---------- Given data ----------

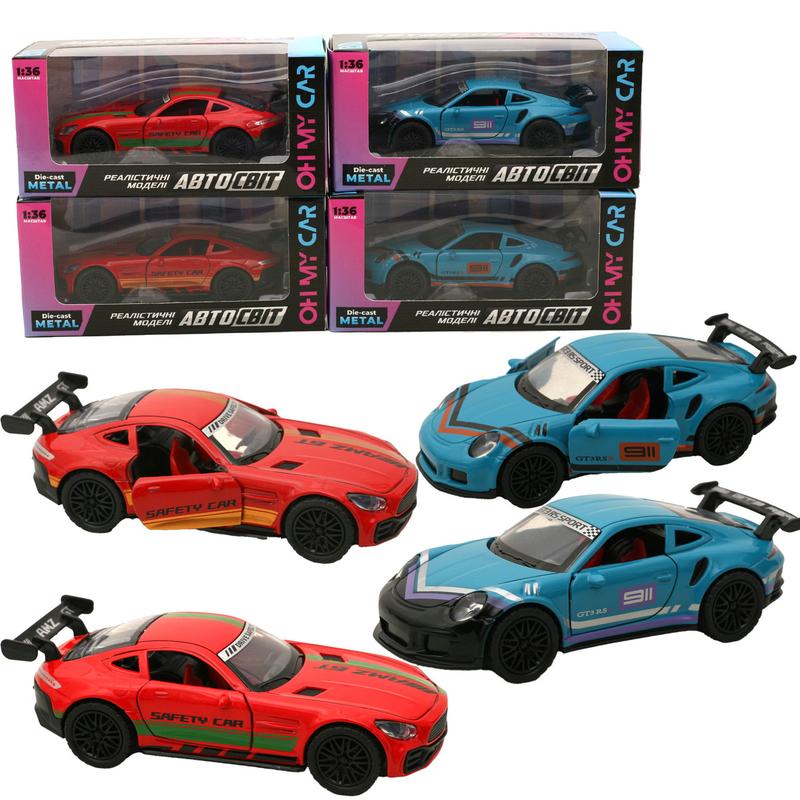 Іграшка "Авто", 11 см, 2 види, 4 кольори. Масштаб - 1:36. Металева колекційна модель. Інерційний механізм. Гумові колеса, відкриваються двері. Є звукові та світлові ефекти. Упаковка - коробка. Розмір - 15,5х6,5х7 см.
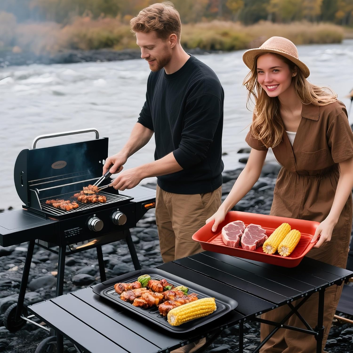 - Two-Tray BBQ Set: Includes one deep prep tray for marinating and holding raw meats, and one shallow serving tray for presenting grilled foods cleanly, keeping prep and presentation separate.
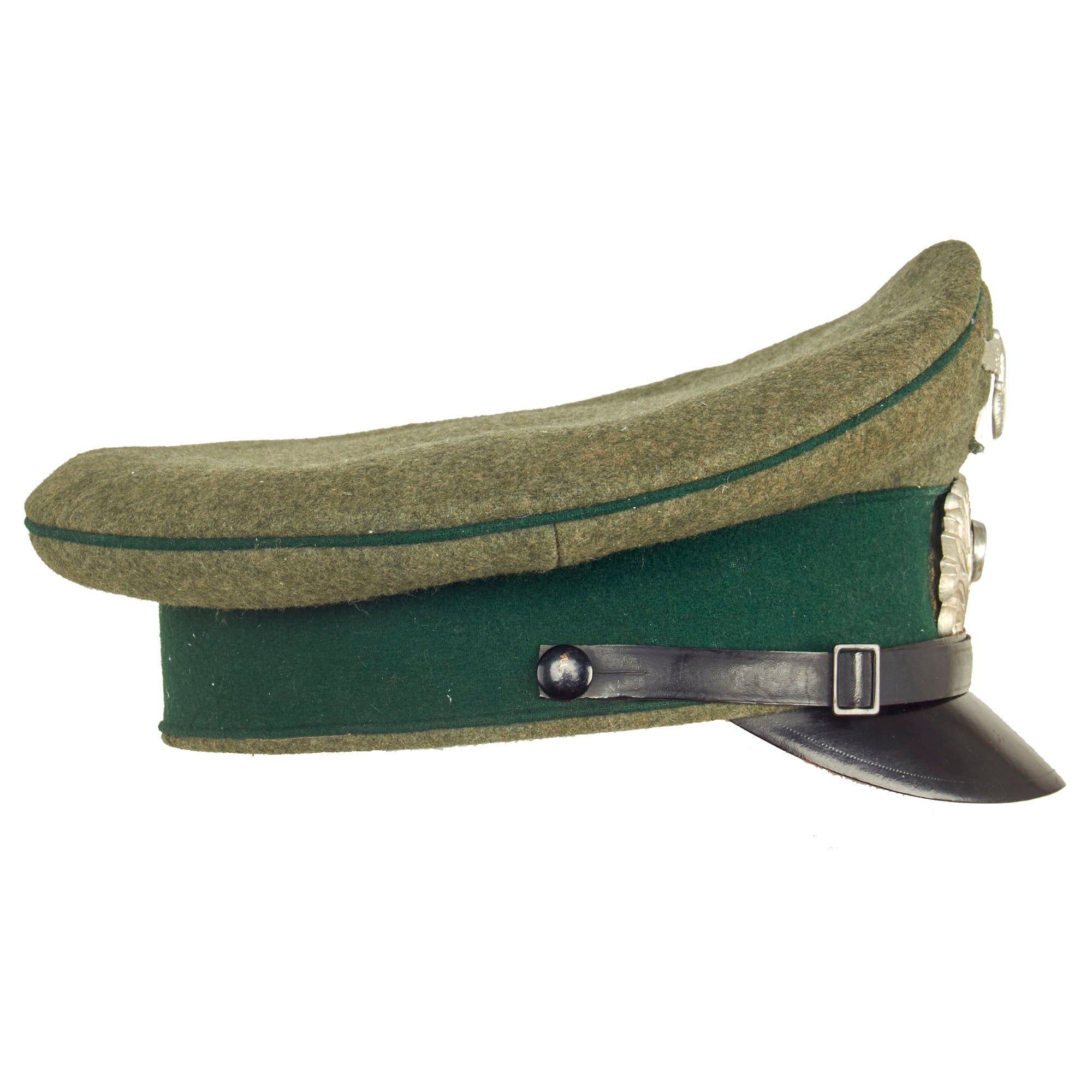 The visor cap (Schirmmütze) was an important part of the headgear worn by German uniformed military, civil, paramilitary and political organizations during the Third Reich. This was the standard cloth headgear worn as a part of the service uniform. Visor caps were worn outdoors as well as indoors, and were often required to be worn by all personnel on duty. Visor caps were made in versions specific to each organization and were often further differentiated through the use of insignia, colored piping, or style of chin cord, to indicate rank, role or branch. The insignia used on these caps ranged from simple stamped metal emblems, to elaborate hand embroidery. Visor caps were issued to enlisted soldiers and NCOs in the military and in some other organizations. Officers had to purchase their own hats, and lower ranks could choose to purchase caps that were of a higher quality than the rather basic, issue examples. The private purchase caps were generally made in very high quality, with fine materials. A wide variety of fabrics were used, from Trikot and doeskin, to heavy wool, or even lightweight white fabric for summer wear. In the military, issue of these caps was generally suspended shortly after the outbreak of the war, but they continued to be worn by some troops until the end of the war.
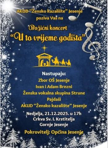 Božićni koncert pod nazivom „U to vrijeme godišta“ održat će se u nedjelju, 21. prosinca 2025. godine, s početkom u 17 sati, a organizira ga AKUD „Žensko kazalište“ Jesenje, uz pokroviteljstvo Općine Jesenje.

----------

## Problem description
Only the pictures are to be left out; copy all the remaining material above exactly.

## Response
 Іграшка "Авто", 11 см, 2 види, 4 кольори. Масштаб - 1:36. Металева колекційна модель. Інерційний механізм. Гумові колеса, відкриваються двері. Є звукові та світлові ефекти. Упаковка - коробка. Розмір - 15,5х6,5х7 см.
 - Two-Tray BBQ Set: Includes one deep prep tray for marinating and holding raw meats, and one shallow serving tray for presenting grilled foods cleanly, keeping prep and presentation separate.
 The visor cap (Schirmmütze) was an important part of the headgear worn by German uniformed military, civil, paramilitary and political organizations during the Third Reich. This was the standard cloth headgear worn as a part of the service uniform. Visor caps were worn outdoors as well as indoors, and were often required to be worn by all personnel on duty. Visor caps were made in versions specific to each organization and were often further differentiated through the use of insignia, colored piping, or style of chin cord, to indicate rank, role or branch. The insignia used on these caps ranged from simple stamped metal emblems, to elaborate hand embroidery. Visor caps were issued to enlisted soldiers and NCOs in the military and in some other organizations. Officers had to purchase their own hats, and lower ranks could choose to purchase caps that were of a higher quality than the rather basic, issue examples. The private purchase caps were generally made in very high quality, with fine materials. A wide variety of fabrics were used, from Trikot and doeskin, to heavy wool, or even lightweight white fabric for summer wear. In the military, issue of these caps was generally suspended shortly after the outbreak of the war, but they continued to be worn by some troops until the end of the war.
 Božićni koncert pod nazivom „U to vrijeme godišta“ održat će se u nedjelju, 21. prosinca 2025. godine, s početkom u 17 sati, a organizira ga AKUD „Žensko kazalište“ Jesenje, uz pokroviteljstvo Općine Jesenje.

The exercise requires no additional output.